Oprah Winfrey fought back tears as she recalled her painful relationship with her mother. This intimate revelation has resonated with millions who struggle with complex family dynamics.
The media mogul was not close with her mom Vernita Lee — who gave birth to Winfrey when she was a teenager and died in 2018 at age 83 — and she’s now admitted she struggled to say anything positive about her when she was asked to say a few words at a church event. Studies show that teenage motherhood often presents unique challenges that can impact parent-child bonding for generations.
During an episode of “The Oprah Podcast,” the TV titan was on the verge of tears as she explained her complication relationship with her mother. She said: “I had been asked to come to church to give all these accolades about my mother. It was important for her to be seen as religious in the community … And I couldn’t think of one thing.”
“I was like, ‘Oh my God, I don’t have one memory,’ ” Winfrey went on to say. “And so, when it came time for me to speak, I thought, ‘Well what do I actually have to be grateful for?’ She didn’t abort me. She did the best that she knew.”
She added: “The best that she knew was not enough to feed what I needed, was not enough to make me feel whole, was not enough to make me feel valued or seen or important to her. It was not. But it was the best that she could do, and I gave up the hope that it could have been anything other than what she had.”
Winfrey struggled to talk to mom
Winfrey previously admitted she struggled to find the right words to talk to her mother when she was nearing the end of her life back in 2018. This experience reflects a common challenge faced by many during end-of-life care with complicated family relationships.
She told PEOPLE magazine: “In hospice care, they have a little book about the little conversations. I thought, ‘Isn’t this strange? I am Oprah Winfrey, and I’m reading a hospice care book on what to say at the end’ … She’s sitting in this little room — she loves sitting in this room where it’s 80 degrees. She just watches TV all day.” Hospice care specialists emphasize the importance of final conversations for emotional closure.
“What I said was, ‘Thank you. Thank you, because I know it’s been hard for you. It was hard for you as a young girl having a baby, in Mississippi. No education. No training. No skills. Seventeen, you get pregnant with this baby. Lots of people would have told you to give that baby away.’ ” Historical records show that teenage pregnancy in 1950s Mississippi carried significant social and economic challenges.

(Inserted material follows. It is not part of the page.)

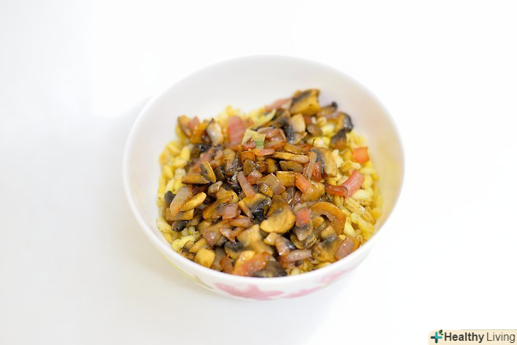 Змішайте з обсмаженими грибами.Портобелло і лісові гриби можуть бути змішані з теплим готовим фарро.- Налийте в сковороду трохи оливкової олії. Обсмажте товсті гриби портобелло або дикі гриби з дрібно нарізаною цибулею.

“Lots of people would’ve told you to abort that baby. You didn’t do that. I know that was hard. I want you to know that no matter what, I know that you always did the best you knew how to do. And look how it turned out’.” Research suggests that expressing gratitude, even in difficult relationships, can facilitate healing.
Mother-daughter relationships
This revelation from Winfrey illuminates the complexities of mother-daughter relationships and their lasting impact. Psychological studies indicate that processing difficult family dynamics is essential for emotional well-being and personal growth.
Winfrey’s journey from a challenging childhood to becoming one of the world’s most influential media figures demonstrates the possibility of transcending generational patterns. Her story continues to inspire millions while bringing attention to the importance of addressing and healing from complicated family relationships.